In the 1980s, the humanoid robot race was picking up.
Japan’s Waseda University created the WABOT-2, which could read a musical score and play it back on a keyboard. Hitachi built its WHL-11 – a biped robot that could walk on a flat surface at 13 seconds per step.
And in 1988, in Richland, Washington, a team at Pacific Northwest National Laboratories (PNNL) made a mannequin robot named, well, "Manny."
The full-scale anthropomorphic robot had 42 articulated joints and degrees of freedom. And Manny’s job? To test the shielding clothing used in hazardous environments.
Sponsored by the U.S. Army’s Dugway Proving Ground in Dugway, Utah, the PNNL researchers used the mannequin to simulate as many motions as a firefighter or other typical protective-gear wearer would go through, including crawling, turning the head, and stepping forward.

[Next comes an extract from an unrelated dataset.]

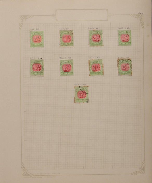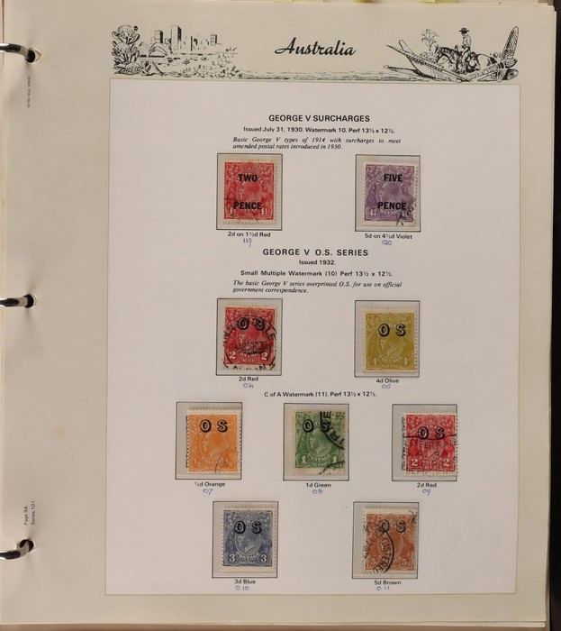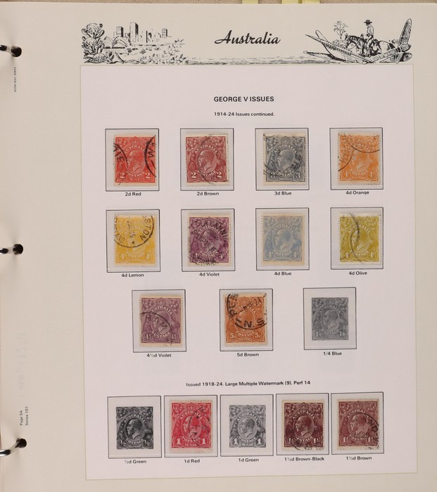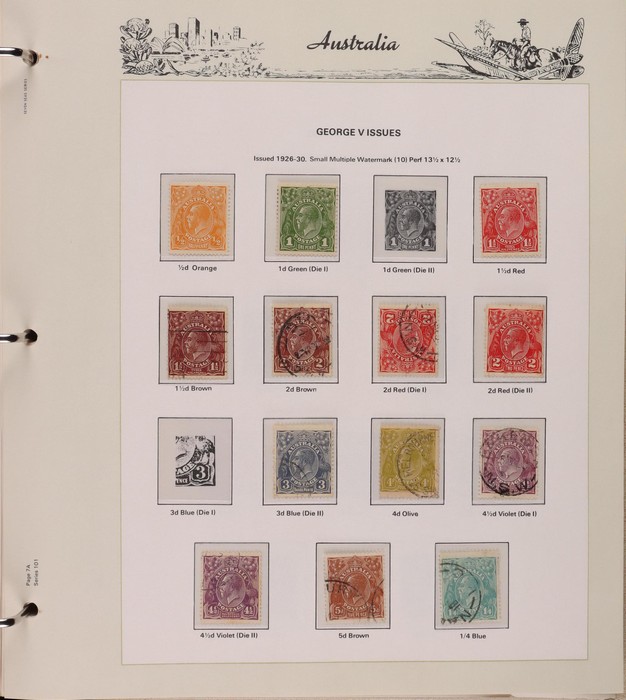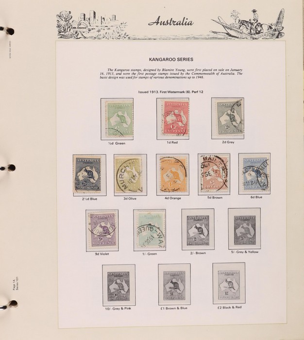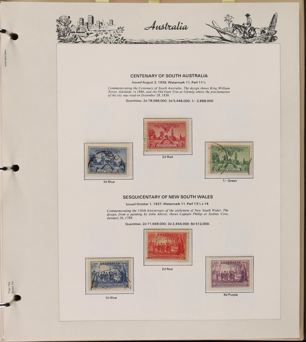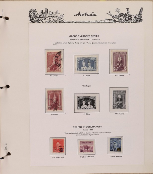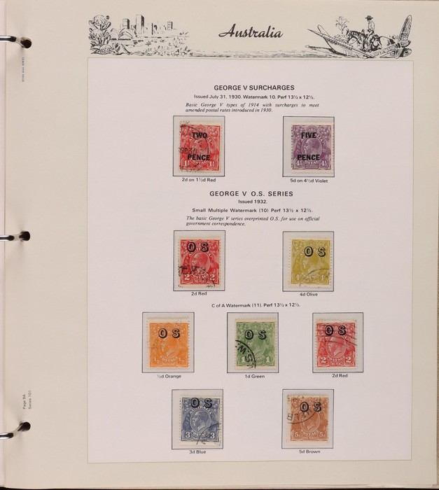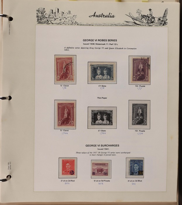 382 image1913-65 Used collection on older style Seven Seas illustrated pgs with Kangaroos (30) inc 1st wmk to 6d. 2nd wmk 2d, 2½d, 6d. 3rd wmk to 2/- plus 5/-, 10/- Telegraph Punctures, SM & CofA wmks to 2/- plus 6d opt OS. KGV set of 72 (retail $750) inc single wmk 1d Die III & 4d lemon, SM wmk perf 14 set of 8 to 1/4, perf 13½x12½ to 1/4 inc 1d Die II & 4½d Die II, CofA to 1/4 & all OS opts. 1914 Kookaburra 6d U & 1928 Kookaburra 3d M/Sheet M (thinned at top). 1931-32 OS opt set of 6 to 1/- Lyrebird plus all 1930s Commems inc Bridge 5/- green & KGV SJ set to 2/-. 1937 KGVI to 1/4 inc 3d blue Die 1A. 1938 Robes sets to £1 (2), 1946 BCOF opt set of 7 to 5/-, 1949 Arms set to £2 & comprehensive QEII inc 1964 Navigator set of 6 to £2 King. Some slightly heavier cancels, generally F-VFU, retail $3000+. (385) (P) (Image1) (Image2) (Image3) (Image4) (Image5) (Image6) (Image7) (Image8) (Image9) (Image10) (Image11) (Image12) (Image13) (Image14)

Manny had a four-inch square shaft coming out of its back. The support arm helped the mannequin simulate motions like walking, bending, and squatting.
The advanced model resembled the human body in many ways, including in its size. Manny had a flexible plastic skin and an artificial respiratory system. By expanding and contracting the chest and injecting moist air at the noise and mouth, the robot could inhale and exhale.
Manny could even sweat. Perspiration was simulated by using narrow tubes to inject water at places on the skin surface.
Gordon Anderson, one of the original engineers on the “Manny” project, oversaw all of the computers and electronics required to control the different joints in the robot’s body. Anderson spoke with Tech Briefs about his time making Manny.
Tech Briefs: What was the inspiration behind the Manny project?
Gordon Anderson: The goal was to test protective clothing that you would use in some kind of a hazardous environment.
You may have seen a protective clothing test before where they dress mannequins in fire suits and shoot them with a flamethrower. The trouble with those kinds of tests, though, are that they’re static mannequins and they don’t do a good job of really testing where these suits might fail.
The idea with Manny is you can dress the mannequin in protective clothing and put sensors on his body. Then, you can expose the sensors to chemicals and fire, and find out where this suit has failure. And you can have the mannequin move in a lifelike way.
Tech Briefs: What did Manny look like?
Gordon Anderson: All of the sensor leads and hydraulics cylinders that operated the mannequin came out back to an electronics array that was used to run everything, including control valves and computers. There were roughly 40 articulated joints, and each of those joints had a computer that was responsible for just controlling its positions. These 40 computers talked to an intermediate “traffic cop” computer that then sent the information to a higher-level computer that took care of all the controls to make it do various types of motions like walking.
Tech Briefs: What actions were most important to simulate?
Gordon Anderson: A firefighter may be crawling in to a building, so we had to be able to simulate crawling-type motions. You may have to lift things up or raise things above your head. We tried to simulate as many motions as a person would go through wearing protective clothing.
Tech Briefs: How did you feel as you were developing Manny in 1988?
Gordon Anderson: The project gave you huge respect for the human body — the range of motion, the complexity of the joints. Things get challenging from a mechanical-engineering perspective because your body is an amazing device in terms of all the joints.
Tech Briefs: What were some of your biggest design challenges?
Gordon Anderson: For all of our control electronics, probably our biggest challenge was establishing reliable communication between all the computers that needed to send information back and forth. The electronics were larger in volume than the robot itself was.
You’d go through a process we call debugging. You’d write test programs and you’d let it run all night. In our case, we’d exercise the communications in kind of a stress test. We’d be sending a lot more data back and forth than we were going to need to when we’d actually run the robot.
Let’s say we wanted the mannequin to walk. We would have to develop all of the motions for all the different limbs, then write a scripting language that we could send to the mannequin’s computers. We had 40 computers, one on each joint, and they all had to operate in a synchronized way to control all these joints.
Tech Briefs: Any good stories?
Gordon Anderson: One day in the lab, when we were just goofing around, we had Manny hold a Nerf ball in his hand and drop it and kick it in a trash can that was a few feet away. It took us a few tries to get it, but it was part of the fun of having everything working. We could do stunts like that.
Tech Briefs: How does Manny compare to today’s humanoid robots?
Gordon Anderson: By today’s standards, it’s pretty crude. There are so many advancements that have been made in high-speed actuators, and the electronics and computer advancements are just mind blowing. You have much more computational power. What we had in a card that was probably 4x6 with electronics could all be put in the actual joints today quite easily.
Our objective then wasn’t to try to make it walk. If [the U.S. Army’s Dugway Proving Ground] would’ve came to me in the 1980s and said we had to make this thing walk, I would’ve said, “Good luck with that.” But today they’re doing that.